══ Data provided ══

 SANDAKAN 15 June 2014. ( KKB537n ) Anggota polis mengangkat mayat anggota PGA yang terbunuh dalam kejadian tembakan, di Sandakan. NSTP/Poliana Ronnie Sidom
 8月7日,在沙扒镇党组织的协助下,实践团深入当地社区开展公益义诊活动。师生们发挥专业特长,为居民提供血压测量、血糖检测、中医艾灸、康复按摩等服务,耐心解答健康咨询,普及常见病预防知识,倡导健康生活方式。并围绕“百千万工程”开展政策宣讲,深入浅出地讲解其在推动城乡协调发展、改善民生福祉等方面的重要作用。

═══
══ Data provided ══

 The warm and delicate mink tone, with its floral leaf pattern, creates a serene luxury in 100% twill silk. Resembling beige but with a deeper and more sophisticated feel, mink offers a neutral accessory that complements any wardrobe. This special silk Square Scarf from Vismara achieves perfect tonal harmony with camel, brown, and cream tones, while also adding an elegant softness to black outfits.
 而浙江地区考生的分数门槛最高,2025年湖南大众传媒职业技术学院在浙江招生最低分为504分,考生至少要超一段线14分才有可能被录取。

═══
══ Data provided ══

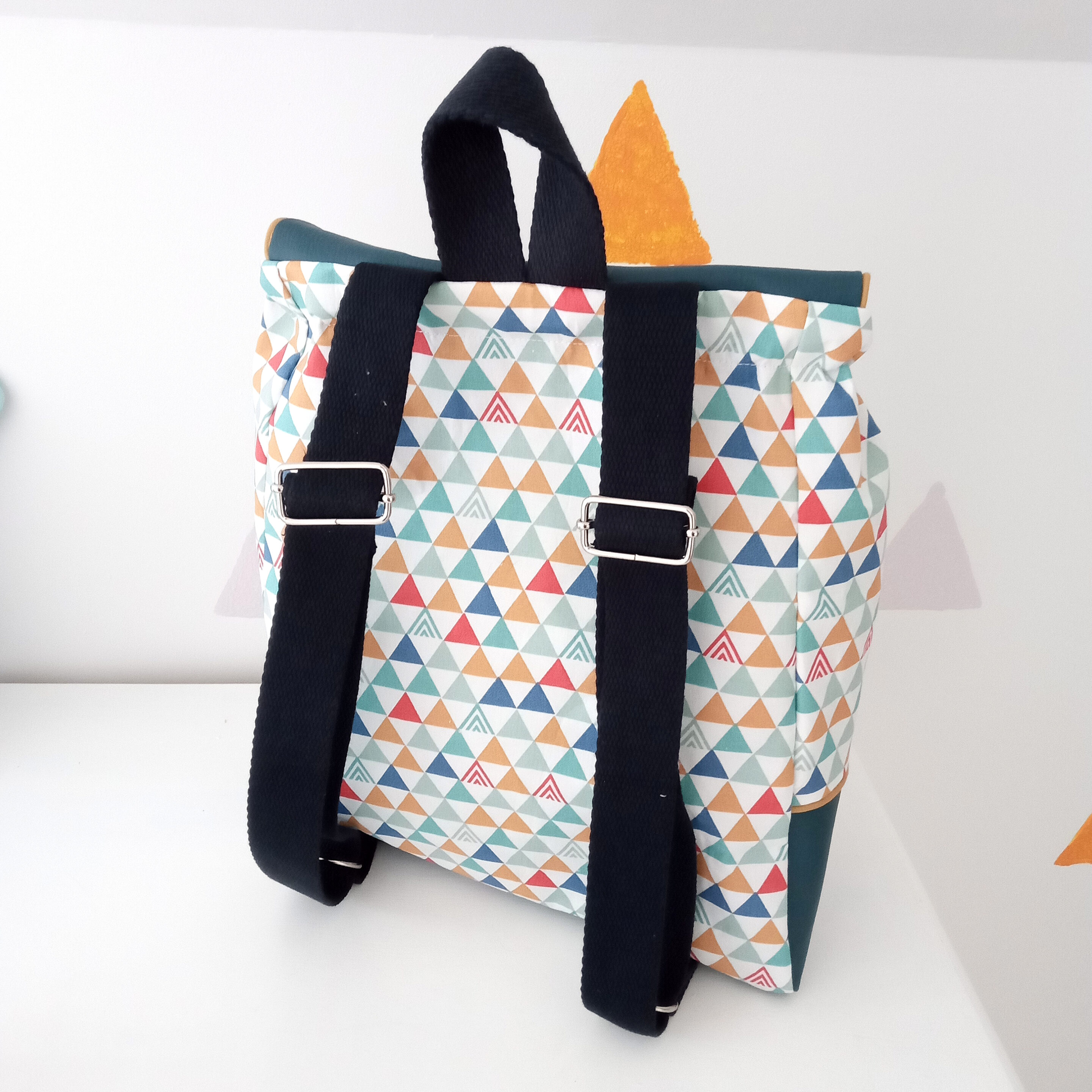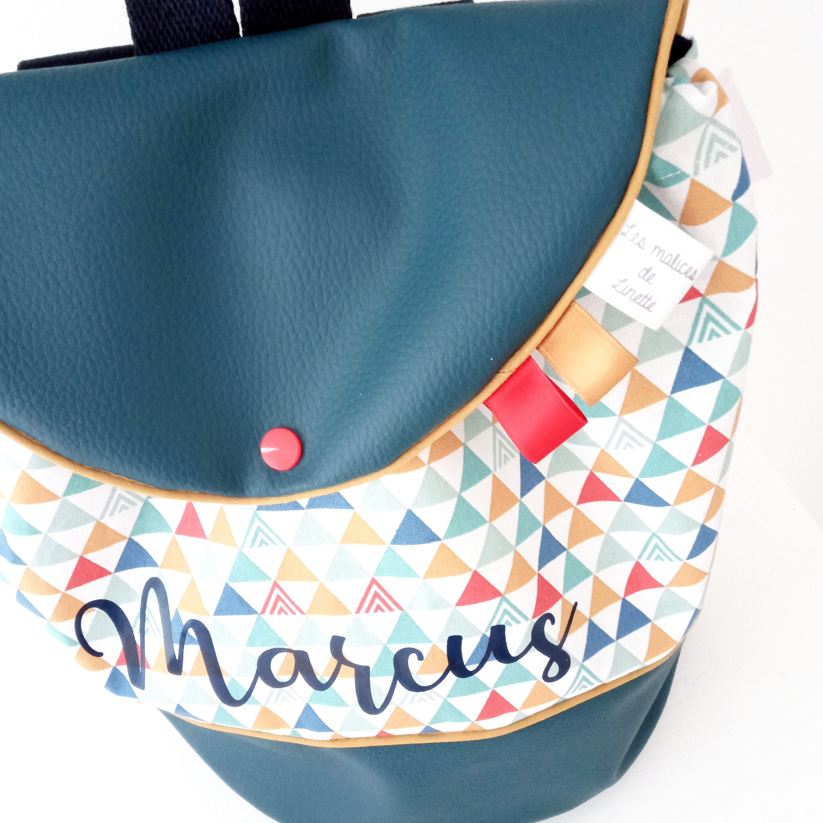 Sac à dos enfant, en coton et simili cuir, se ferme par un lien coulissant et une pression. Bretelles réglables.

═══

Among the records above, repeat exactly the line with "The warm and", the line with "而浙江地区考生的分数门槛最高", and every line in between, and only those.

▸ **Response for this exercise**:
 The warm and delicate mink tone, with its floral leaf pattern, creates a serene luxury in 100% twill silk. Resembling beige but with a deeper and more sophisticated feel, mink offers a neutral accessory that complements any wardrobe. This special silk Square Scarf from Vismara achieves perfect tonal harmony with camel, brown, and cream tones, while also adding an elegant softness to black outfits.
 而浙江地区考生的分数门槛最高,2025年湖南大众传媒职业技术学院在浙江招生最低分为504分,考生至少要超一段线14分才有可能被录取。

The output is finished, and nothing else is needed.